Saxitoxin Gene Cluster
The sxt gene cluster encoding the biosynthesis of saxitoxins was identified in the genomes of the Brazilian C. raciborskii CENA302 and R. brookii D9, and in the Uruguayan C. raciborskii MVCC14 (Figure 5 and Supplementary Table S7). Considerably conserved saxitoxin gene clusters containing 21 genes were found in the genomes of CENA302, D9, and MVCC14. The only difference was the presence of sxtK gene (unknown protein) in the genome of CENA302, while D9 and MVCC14 showed the sxtJ gene (regulatory protein). An incomplete sxt gene cluster containing 12 ORFs was found in the C. raciborskii ITEP-A1 draft genome.
In this study, we used comparative genome analysis to investigate the C. raciborskii pan-genome based on eight genome sequences to comprehend the genetic landscape of this species. The genome dynamics of the C. raciborskii strains showed that the pan-genome size increased steadily without reaching a plateau, while the core genome appeared near saturation, suggesting that further sampling of C. raciborskii genomes is likely to cause a closed state in the core genome. The Cylindrospermopsis genomes from different origins generally showed a significant resemblance, with similar patterns in gene functions. Notably, in all eight genomes, it was only possible to assign functions to approximately 40% of protein sequences, which emphasizes the lack of knowledge of cyanobacterial proteins and/or a more cursory annotation of proteins in this phylum.
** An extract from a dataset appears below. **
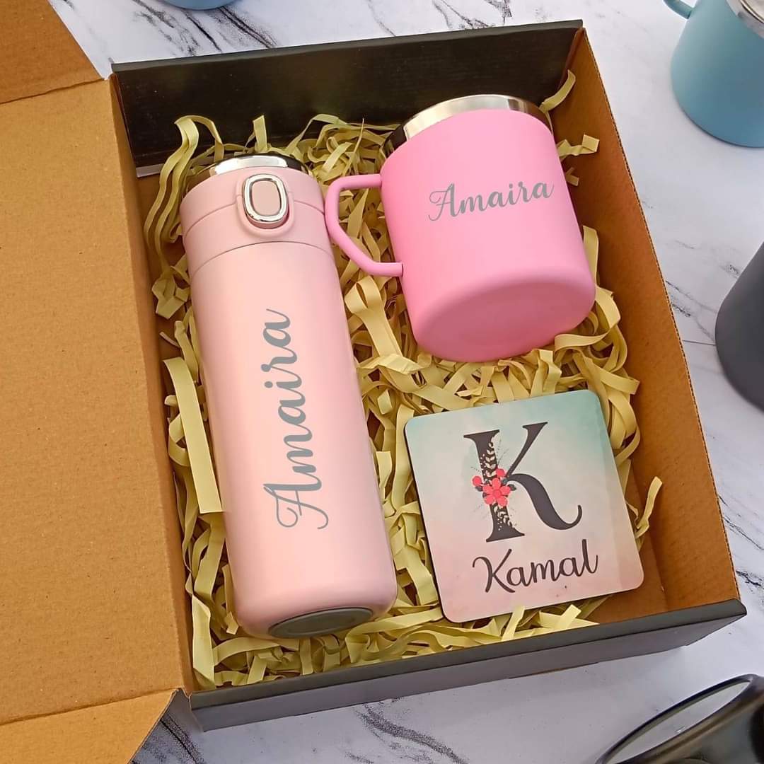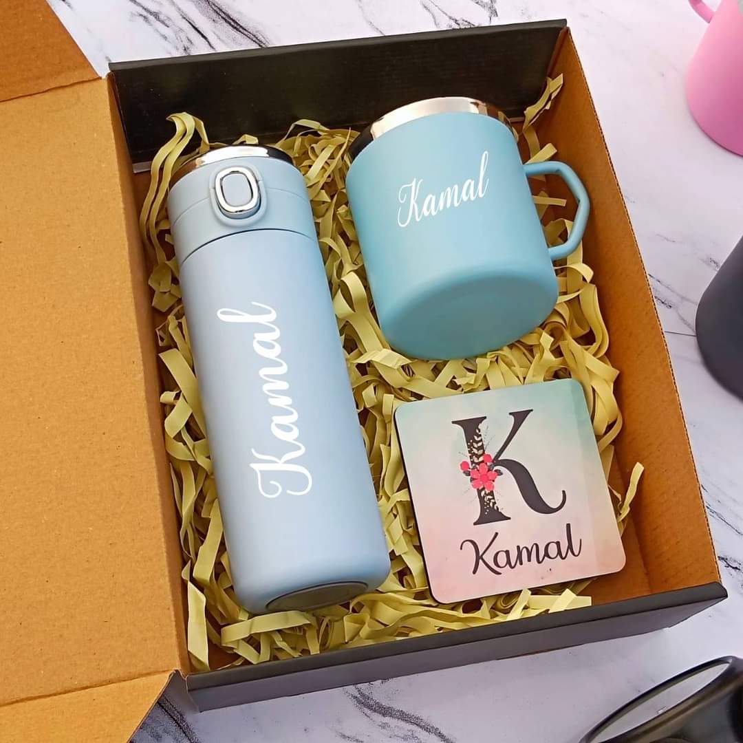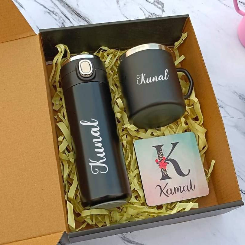 Surprise someone special with this thoughtfully personalized gift set, designed to add a personal touch to everyday essentials. Featuring a coordinated flask, mug, and magnet, all customized with the name, this trio blends practicality with charm.

Subsequently, increasingly refined examinations showed that specific and recurrent genomic variations occur among the seven strains of C. raciborskii and the single R. brookii D9 strain. The genomic features of these strains appear to be influenced by their geographic origin, since evolutionary analysis differentiated the South American strains (CENA302, CENA303, ITEP-A1, MVCC14, and D9) from the Australian and Singaporean strains (CS-505, CS-508, and CR12). However, the lack of European and African genome sequences of this species did not allow a more precise conclusion about the influence of the environment on their genomic plasticity. Previous studies on phylogeny of several C. raciborskii genes already observed biogeographic variation correlated to genetic variability (Neilan et al., 2003; Gugger et al., 2005; Moreira et al., 2013, 2015; Antunes et al., 2015).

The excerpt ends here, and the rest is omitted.